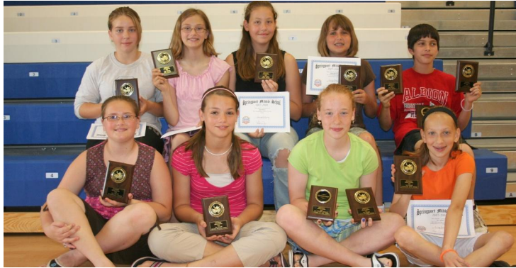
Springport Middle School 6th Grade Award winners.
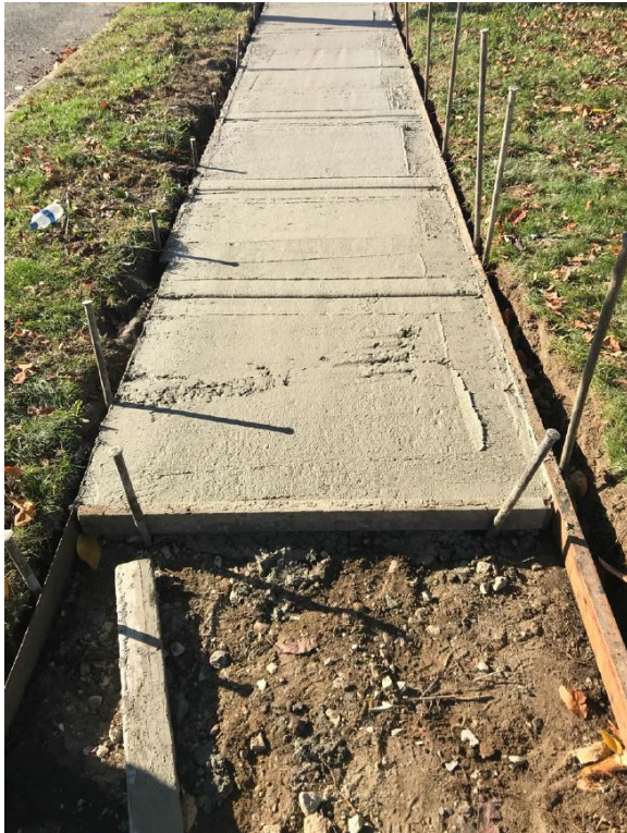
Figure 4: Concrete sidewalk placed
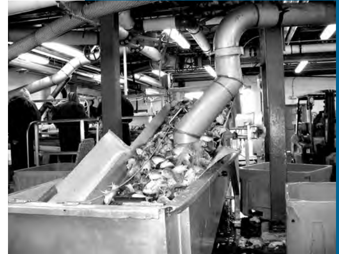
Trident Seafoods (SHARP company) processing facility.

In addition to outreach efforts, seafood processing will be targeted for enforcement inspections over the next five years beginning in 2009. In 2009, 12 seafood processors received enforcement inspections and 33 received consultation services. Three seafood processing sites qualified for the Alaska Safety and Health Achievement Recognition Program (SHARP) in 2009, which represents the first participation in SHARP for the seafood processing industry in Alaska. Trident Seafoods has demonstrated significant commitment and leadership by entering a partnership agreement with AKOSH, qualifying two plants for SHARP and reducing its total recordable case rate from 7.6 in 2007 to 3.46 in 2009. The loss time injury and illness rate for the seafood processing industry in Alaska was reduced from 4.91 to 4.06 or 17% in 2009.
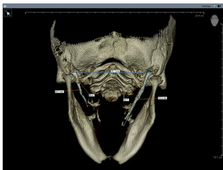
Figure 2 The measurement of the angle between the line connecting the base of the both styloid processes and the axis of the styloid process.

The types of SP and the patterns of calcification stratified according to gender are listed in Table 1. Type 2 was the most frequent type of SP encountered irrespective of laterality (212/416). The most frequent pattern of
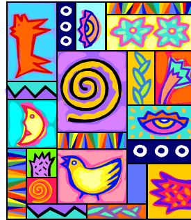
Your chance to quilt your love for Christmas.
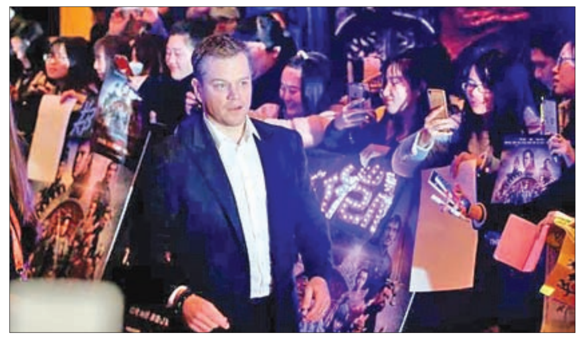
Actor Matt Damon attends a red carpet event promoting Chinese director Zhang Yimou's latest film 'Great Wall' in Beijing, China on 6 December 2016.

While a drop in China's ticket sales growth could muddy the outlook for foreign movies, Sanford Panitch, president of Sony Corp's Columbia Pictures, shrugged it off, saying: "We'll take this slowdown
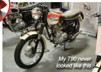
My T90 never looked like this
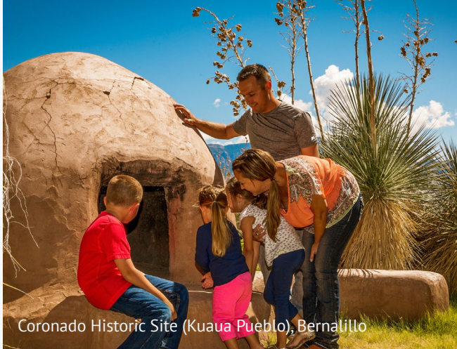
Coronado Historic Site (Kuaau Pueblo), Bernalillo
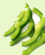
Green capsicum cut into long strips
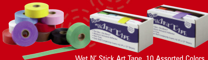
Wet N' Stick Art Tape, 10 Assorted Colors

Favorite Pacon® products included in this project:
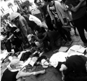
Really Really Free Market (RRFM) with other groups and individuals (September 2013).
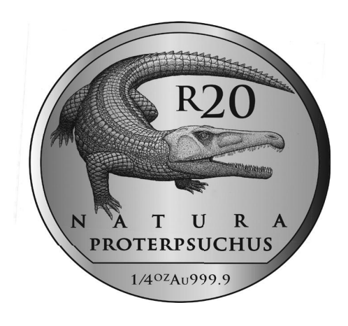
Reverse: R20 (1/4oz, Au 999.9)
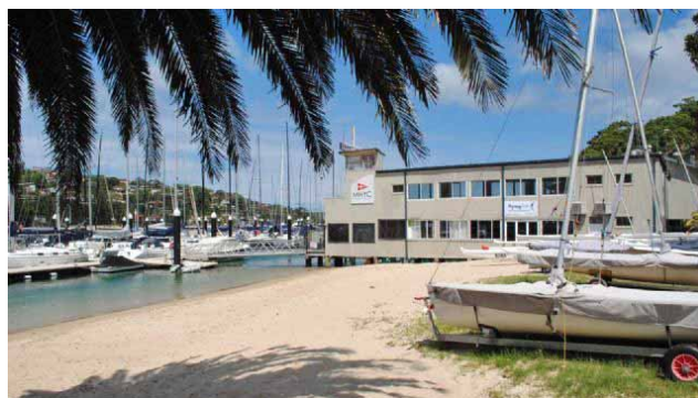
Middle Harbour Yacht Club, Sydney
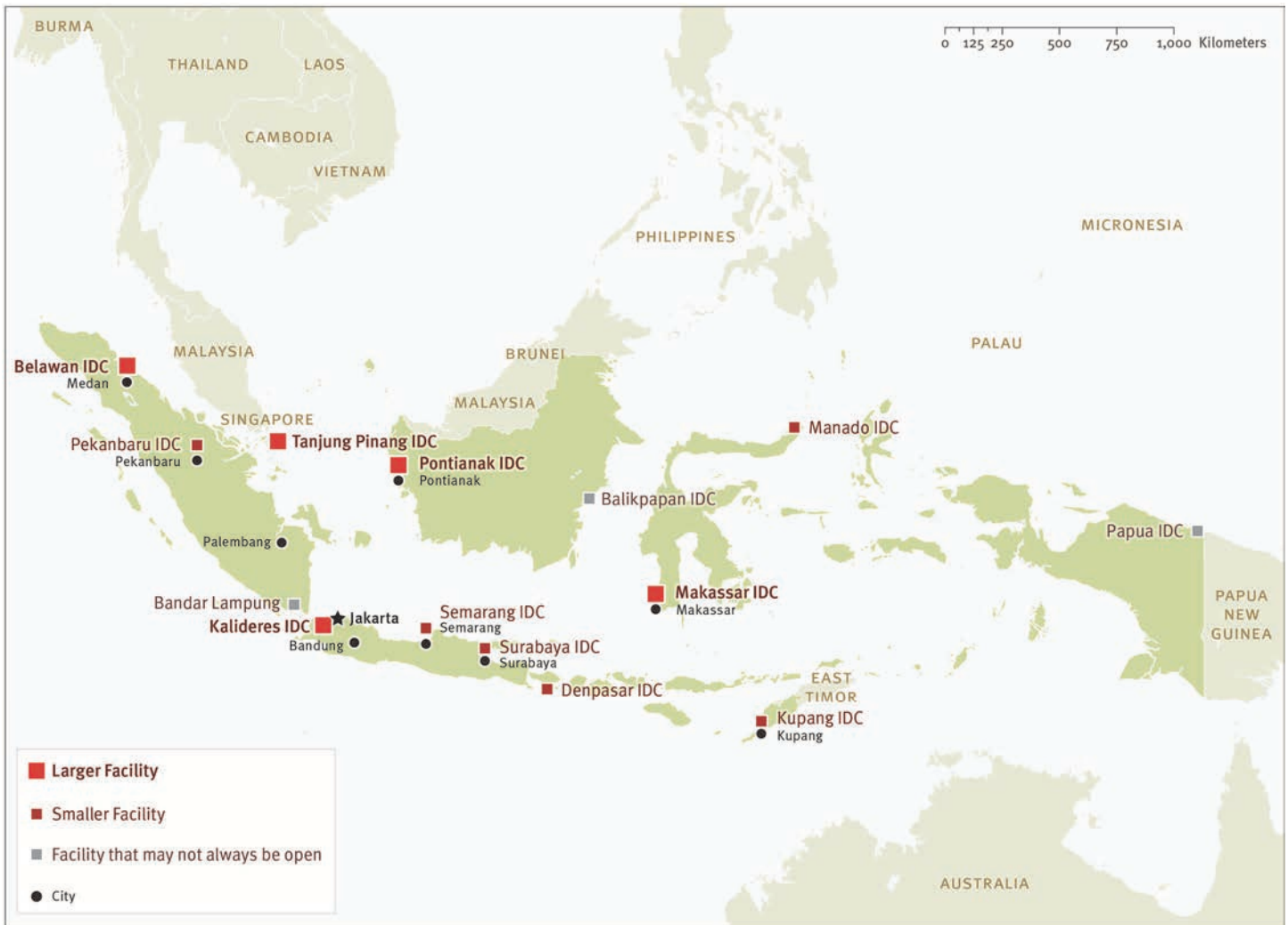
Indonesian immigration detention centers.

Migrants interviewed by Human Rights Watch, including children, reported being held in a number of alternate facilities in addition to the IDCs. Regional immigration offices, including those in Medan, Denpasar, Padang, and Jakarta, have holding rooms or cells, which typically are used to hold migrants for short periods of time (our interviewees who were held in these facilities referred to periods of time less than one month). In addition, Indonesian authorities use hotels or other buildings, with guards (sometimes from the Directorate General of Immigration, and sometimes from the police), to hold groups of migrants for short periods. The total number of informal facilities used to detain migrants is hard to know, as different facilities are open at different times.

**Work to complete**
Beginning with the line that contains "The types of", output each line of the material above through the last one exactly as it stands. Do not include the pictures.

**Response box**
The types of SP and the patterns of calcification stratified according to gender are listed in Table 1. Type 2 was the most frequent type of SP encountered irrespective of laterality (212/416). The most frequent pattern of
Your chance to quilt your love for Christmas.
Actor Matt Damon attends a red carpet event promoting Chinese director Zhang Yimou's latest film 'Great Wall' in Beijing, China on 6 December 2016.

While a drop in China's ticket sales growth could muddy the outlook for foreign movies, Sanford Panitch, president of Sony Corp's Columbia Pictures, shrugged it off, saying: "We'll take this slowdown
My T90 never looked like this
Coronado Historic Site (Kuaau Pueblo), Bernalillo
Green capsicum cut into long strips
Wet N' Stick Art Tape, 10 Assorted Colors

Favorite Pacon® products included in this project:
Really Really Free Market (RRFM) with other groups and individuals (September 2013).
Reverse: R20 (1/4oz, Au 999.9)
Middle Harbour Yacht Club, Sydney
Indonesian immigration detention centers.

Migrants interviewed by Human Rights Watch, including children, reported being held in a number of alternate facilities in addition to the IDCs. Regional immigration offices, including those in Medan, Denpasar, Padang, and Jakarta, have holding rooms or cells, which typically are used to hold migrants for short periods of time (our interviewees who were held in these facilities referred to periods of time less than one month). In addition, Indonesian authorities use hotels or other buildings, with guards (sometimes from the Directorate General of Immigration, and sometimes from the police), to hold groups of migrants for short periods. The total number of informal facilities used to detain migrants is hard to know, as different facilities are open at different times.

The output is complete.